Fischer is Associate Professor in the Department of Spanish and Portuguese Languages and Literatures at New York University. She is the author of Modernity Disavowed: Haiti and the Cultures of Slavery in the Age of Revolution (2004).

On August 26, 1789 the National Assembly in Paris adopted the Declaration of the Rights of Man and Citizen. The first article stated that "men are born free and equal in rights." Despite its boldness, the meaning and scope of the article was far from clear. Did it amount to an injunction against slavery? A guarantee of equal rights for all citizens, regardless of color? Did it even apply to the French colonies where most of those who might claim freedom from enslavement or equal political rights lived? When confronted with these questions, the Assembly in France equivocated. It took another three years before it granted equal rights for free people of color (gens de couleur). Slavery was not abolished until February 4, 1794. When the emancipation law finally passed into law, it did so because those who had been enslaved had taken matters into their own hands.

The push for equality by the free people of color had started several years before the Declaration of 1789 and had not initially included an anti-slavery stance. By the late 18th century Saint Domingue had become home to a large population of free people of color, which included a relatively small, influential group of slave owners and proprietors of sizable plantations. While the notorious Code Noir of 1685 had provided the legal framework for the structures of racial domination that subtended plantation slavery, it had also postulated that, within certain limits, free people of color were to have the same rights as whites. The somewhat ambiguous status of free people of color was coming under pressure in the 1760s, when a wave of new laws were issued that restricted employment options, forms of political participation, and even the use of honorific titles and French family names .Whether or not these laws were ever fully implemented, they threatened to split Creole society along racial lines. These new laws met with resistance in Saint Domingue. In the mid-1780s, Julien Raimond, a mixed-race planter from Saint Domingue, went to France to argue the case of the free people of color. Although Raimond’s early reports presented the free people of color as guarantors of a stable slave system and are devoid of arguments against the institution of slavery, Raimond encountered a vigorous opposition from the planters’ lobby in Paris and an assembly that was unwilling to pronounce itself unambiguously on the racial question or political representation for free people of color. Frustrated by Raimond’s failure to make any tangible progress in Paris, Vincent Ogé, another free man of color who had participated in the struggle in revolutionary Paris, decided to take up arms. In October of 1790 he returned to Saint Domingue and launched a small rebellion. Although Ogé did not raise the enslaved for his cause and did not call for the abolition of slavery, the rebellion was crushed with utmost brutality. Ogé was broken on the wheel on the town square in Le Cap.
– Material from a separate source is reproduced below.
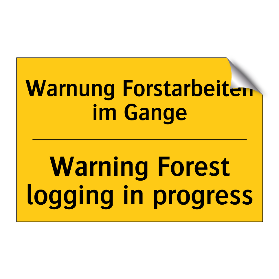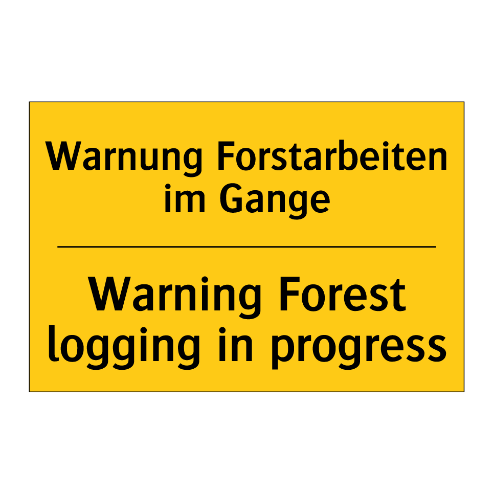Zweisprachiges Warnschild mit deutschem Text Warnung Forstarbeiten im Gange und englischem Text Warning Forest logging in progress
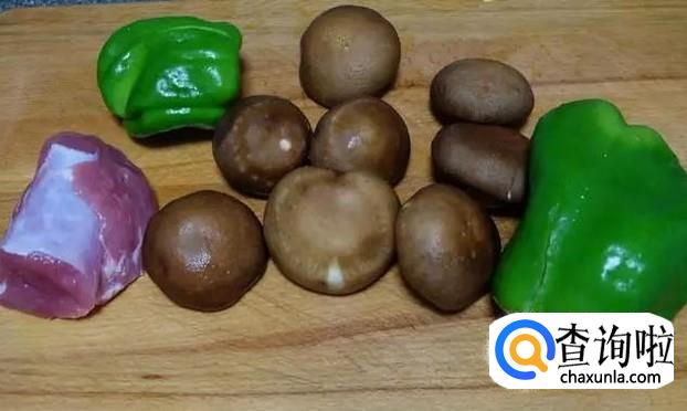 首先将准备好的香菇,青椒,猪肉都洗干净,洗好后将材料放在案板上,如下图所示

Although it failed, Ogé’s rebellion had a considerable impact. In the colony, the antagonism between whites and free colored populations had now reached levels of violence never seen before. In Paris, the Assembly found itself thrown into increasingly heated debates about colonial issues, issuing and retracting half-hearted measures which only added to the tensions in Saint Domingue. It took almost another year before it passed the law of April 4, 1792, which granted full equality to the free people of color. By then, the massive slave uprising of August 22-23, 1791 had completely changed the stakes.